Lee Strasberg, teaching. |
The other comment concerned Marilyn Monroe, who was going to appear in the movie Some Like It Hot. She would be playing with Tony Curtis and Jack Lemmon in drag, whose real identity in the story she wasn't at first supposed to know. She didn't know how to relate to them and therefore consulted her mentor, Strasberg.
"Marilyn," he said, "you've always told me that you'd like to have women friends, but you never have. Here's your chance. They can be the women friends you've always wanted."
She must have absorbed this advice, for she played with the two actors in drag beautifully. But if Marilyn Monroe lacked women friends, it's easy to see why. Her beauty was such that it would eclipse any other woman. When she committed suicide in 1962 at age thirty-six, Strasberg gave the eulogy at her funeral.
Harold Clurman, unlike Strasberg, was not a true teacher. If
someone seemed to disagree with him he simply pulled rank, declaring that he
knew more about it than they did, rather than gently leading the offender to
realize the error of his ways. In some
of his comments there was a sense of a deep hurt; for all his professional
success, something was lacking. When the
subject of transmigration of souls surfaced once, he declared emphatically, “No thanks! Once is enough!” So unlike Strasberg, who seemed impervious to
hurt.
When the Studio
got a grant, they mounted two memorable productions on Broadway. Strasberg did Chekhov’s Three Sisters, which I recall vividly, and Clurman did the French
playwright Giraudoux’s Tiger at the Gates
(La Guerre de Troye n’aura lieu), a witty and moving account of the
beginning of the Trojan War. When the
curtain first went up, there was a haunting tableau showing Hector’s wife
Andromache and the doomed visionary Cassandra momentarily frozen in place. One knew at once that this was a story steeped in legend and myth. No
question, these were brilliant directors.
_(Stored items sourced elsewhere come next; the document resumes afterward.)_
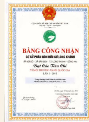
Omixon nhận giải thưởng Vi Môi Trường Xanh Quốc Gia năm 2013
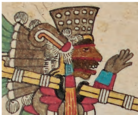
Figura 2. Códice borbónico , lám. 6, detalle. Fotografía del original.
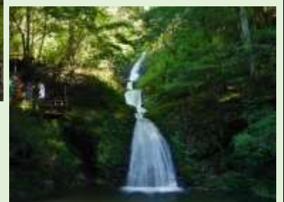
阿寺の七滝(新城市)
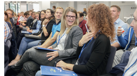
Lernen und gute Laune gingen beim Ausbilderforum 2018 Hand in Hand

Über 29.000 Teilnehmer an Maßnahmen der Sach- und Fachkundeprüfung sowie an AdA- Prüfungen
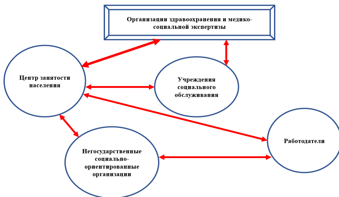
Рисунок 1 – Модель межведомственного взаимодействия в процессе сопровождаемой трудовой деятельности

Модель межведомственного взаимодействия в процессе сопровождаемой трудовой деятельности представлен на рисунке 1.
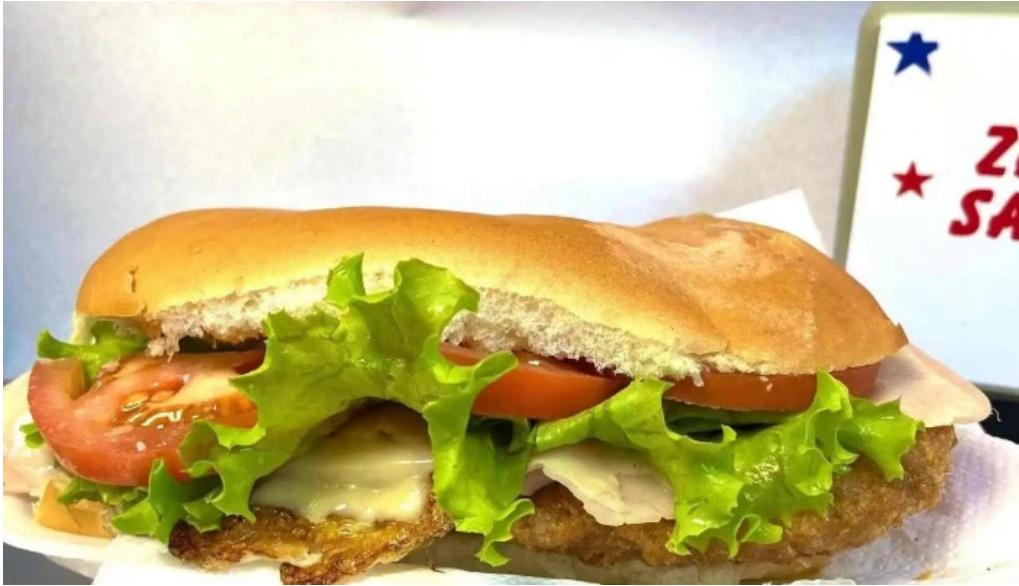
Za za sabor terminal comidas y bebidas
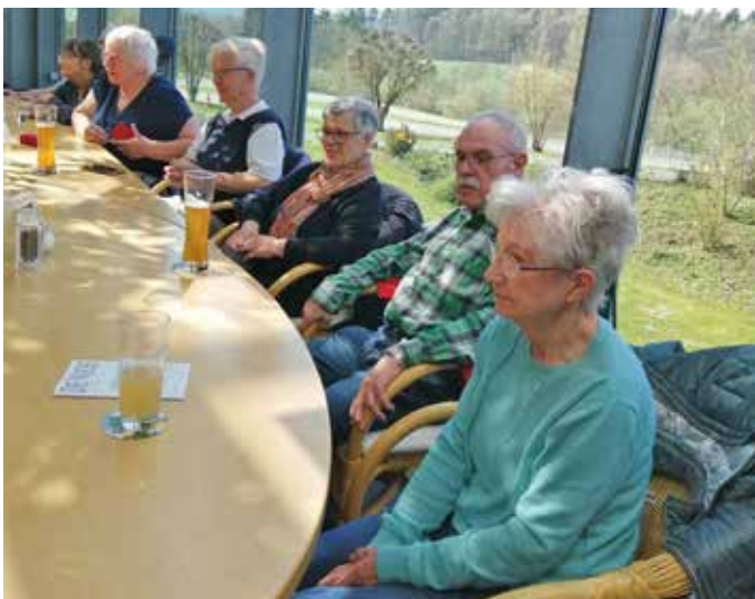
Beim Essen in der Sauerstiftung

Die Kurzstreckler wanderten die gleiche Strecke bei starkem Gegenwind und ca. 22 Grad bis zur Buchwaldhütte und rasteten dort. Dann ging es wieder zurück über die Lobbach-Mückenlocher-Str. zur Sauer-Stiftung. Die Strecke hin und zurück waren ca. 2 km.
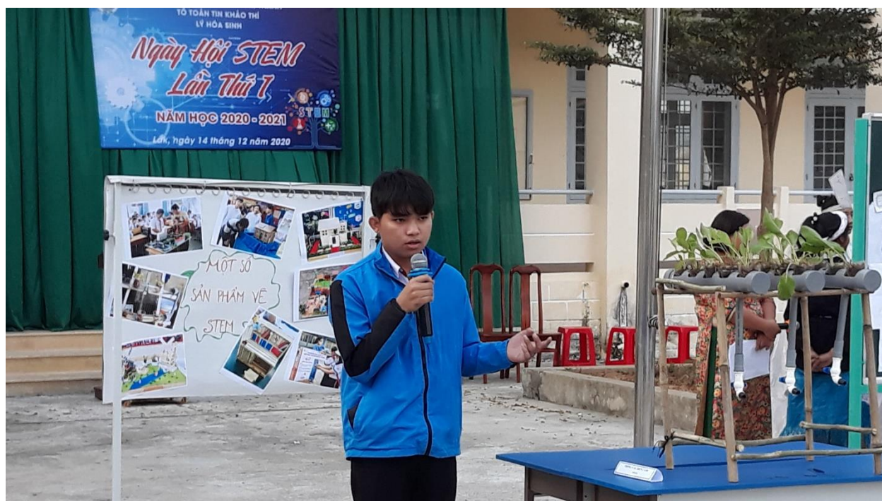
Mô hình trồng cây thủy canh của lớp 12A1.
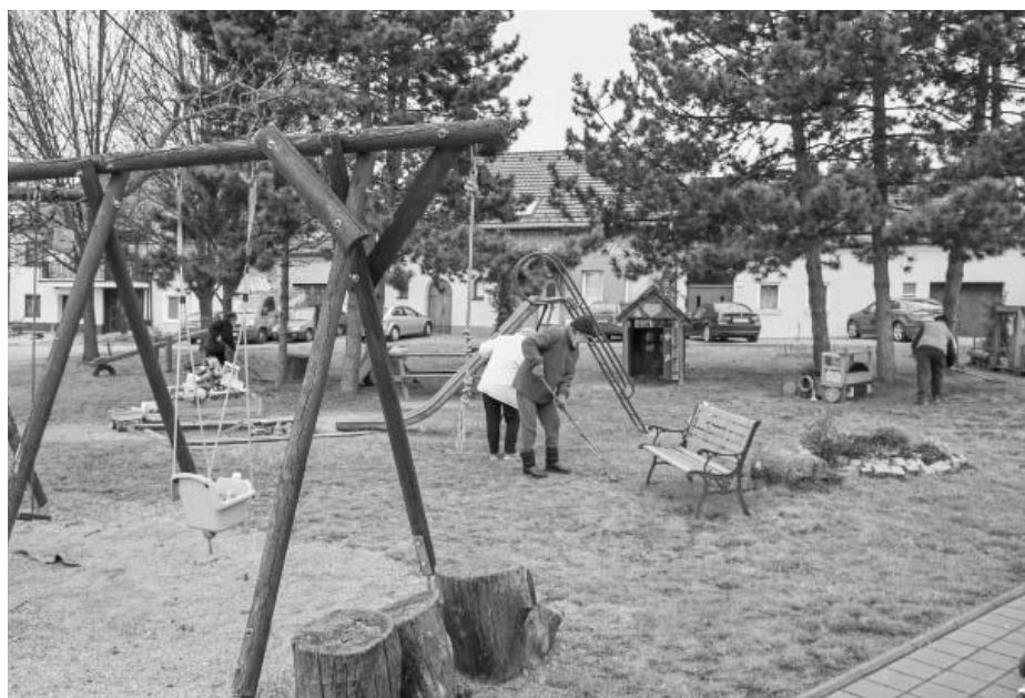
Členové Klubu důchodců uklízeli hned na několika místech po městě. Na snímku na ulici Čechova na hřišti pro děti.

Uvědomují si strůjci a vlastně i nestrůjci nepořádku jednu zásadní věc? Že kdyby nebylo nepořádných lidí, pořádní lidé by po nich nemuseli uklízet? Že ty, co odpadky zahazují, vytváří černé skládky a jsou neohleduplní ke svému životnímu prostředí, rozhodně mezi brigádníky nenajdeme? Že po těchto hulvátech pak uklízí slušní pořádkumilovní lidé? A že je jim dokonce
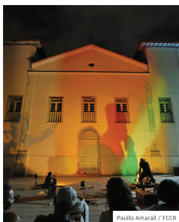
Paullo Amarall / FCCR

EVENTO. O Dia Nacional da Consciência Negra foi celebrado com muita festa, atraindo cerca de 1.500 pessoas ao Largo São Benedito, na região central. Durante sete horas, as diversas atrações de manifestações artísticas e culturais emocionaram e animaram o público, que acompanhou e participou de atividades na região central.
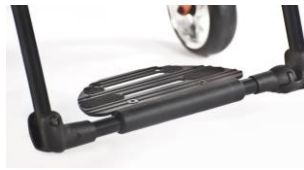
NSW050059 Platforma podnóżka typu Performance
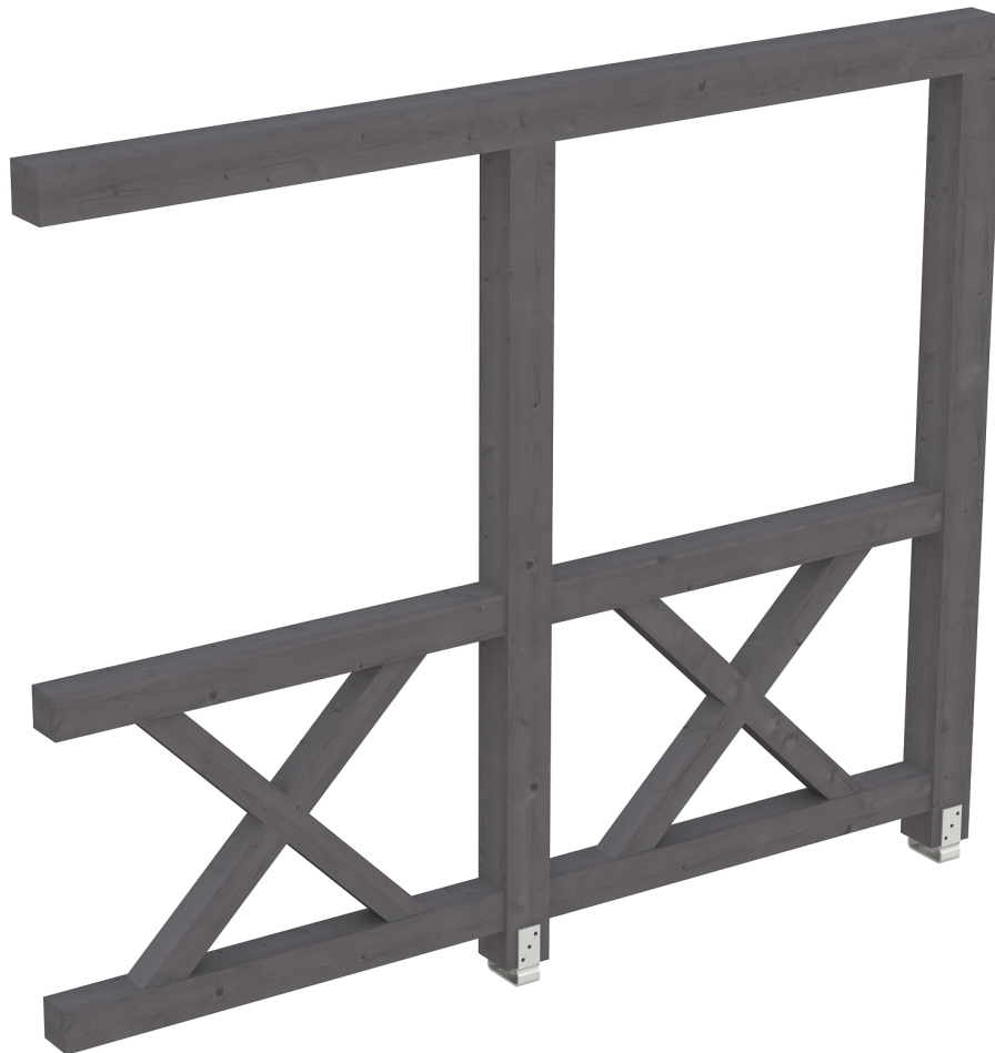
Produktbild AK-Seitenwand 255cm
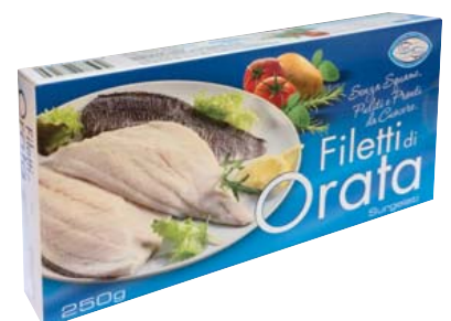
Cod. 8596 Filetti di Orata gr. 250
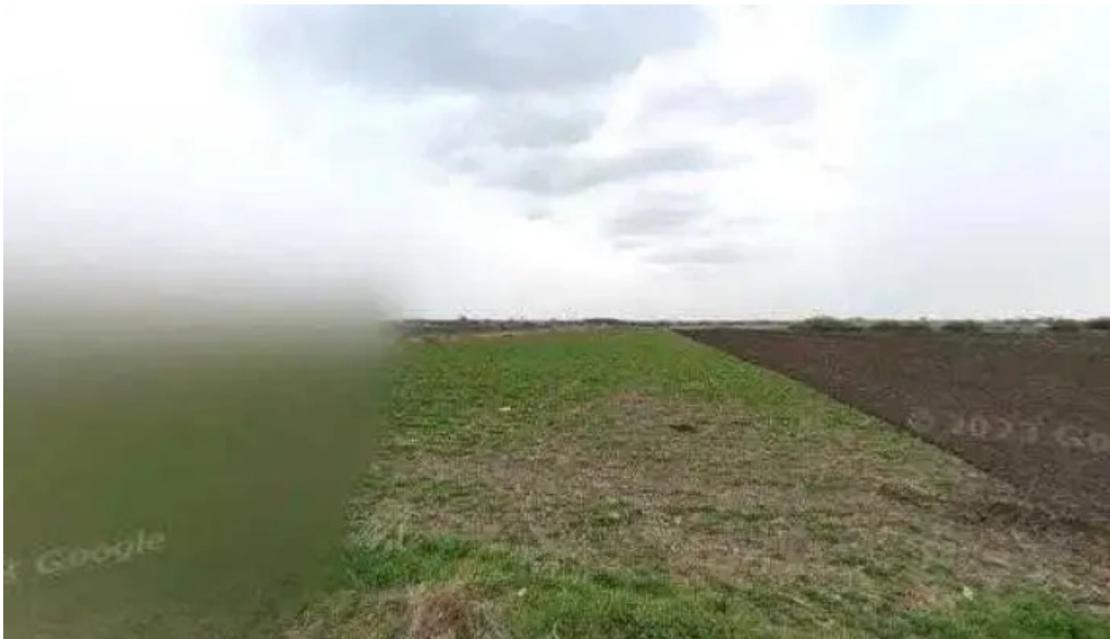
Lacul bors street view si 360deg
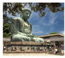
วัดโคโตะคุอิน

SHIRAKAWAGO JAPAN ALPS MATSUMOTO KAMIKOCHI FUJI KAMAKURA
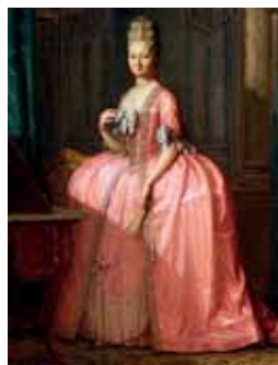
Panier à coudes
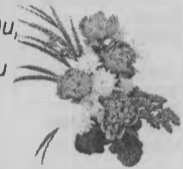
Муж, дети, внуки.

В этот день позабудь, сколько лет позади, Не грусти ты о них с сожалением, До земли ты поклон наш сердечный прими За любовь, за добро, за терпение. Мы очень желаем, чтоб ты не болела, Чтоб беды, печали тебя обошли, Чтоб наша любовь твоё сердце согрела, На радость и счастье нам долгие живи!
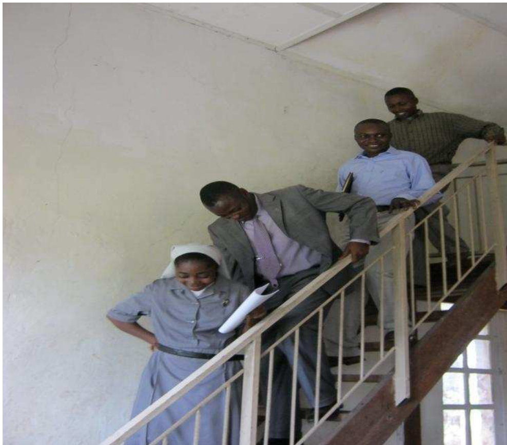
Intérieur du couvent
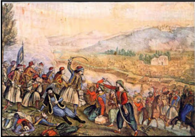
Αλέξανδρος Ησαΐας: Η μάχη της Αλαμάνας
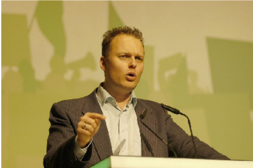
Kai Gehring bei seiner Rede auf der Landesdelegierten-konferenz in Krefeld

Gehring bedankte sich für die Unterstützung des Essener Kreisverbandes, das Ver-trauen der NRW-Delegierten und freut sich auf einen spannenden Bundestagswahl-kampf im nächsten Jahr.
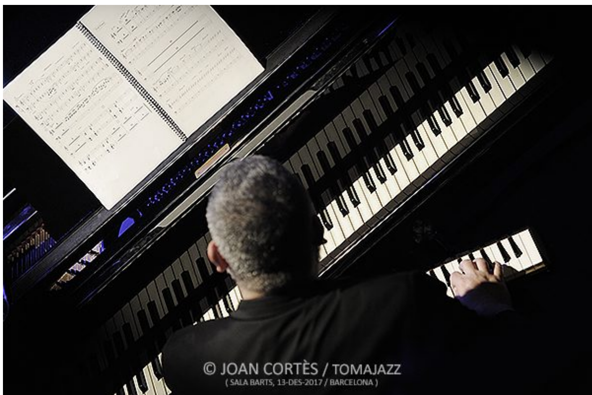
( SALA BARTS, 13-DES-2017 / BARCELONA )

Courtesy of The Villager |
Although he was a brilliant teacher and director, Frankel was always a bit on the fringe of the theater world, preferring the greater freedom of Off Broadway. Among his directorial successes were Jean Genet's The Blacks, which ran for far longer than he had anticipated, and Arthur Kopit's Indians; I saw them both, they were memorable. But at times he could be ruthlessly candid, telling of being invited to go off somewhere in the Midwest to work with a director who was “very inexperienced and very stupid.” And he was quite capable of telling an unduly presumptuous young director in his class, "The theater has no place for you -- get out!"
At times he also exhibited a touch of homophobia. Telling of a attending a performance of a play whose "author" -- probably an adapter at best -- was young, inexperienced, and flustered, he asked, "Who is he? The director's lover? If we must have homosexuals in the theater, let them at least be like Oscar Wilde!" But what did this mean? A preference for polished brilliance over inexperience and fluster? He said this without seeming to be aware of a gay contingent in his classes. Unlike Strasberg at the Studio, who, though himself resolutely heterosexual, clearly knew that his classes included just such a contingent.
But despite these occasional outbursts, Frankel was usually quiet and contained. If one entered his office, one generally found him staring with great concentration at a chessboard; it took a few ahems and other subtle or not so subtle hints to indicate your humble presence and take counsel of his wisdom.
Asked in later years if he would like to retire, Frankel replied, "How can I retire? Directing is in my blood, and teaching is in my bones!" He died in 2005; a theater bearing his name has long existed on Bond Street and strives to keep his name and legacy alive. I wish them well in their endeavors.
Thought for the day: Silence, the undersong of life.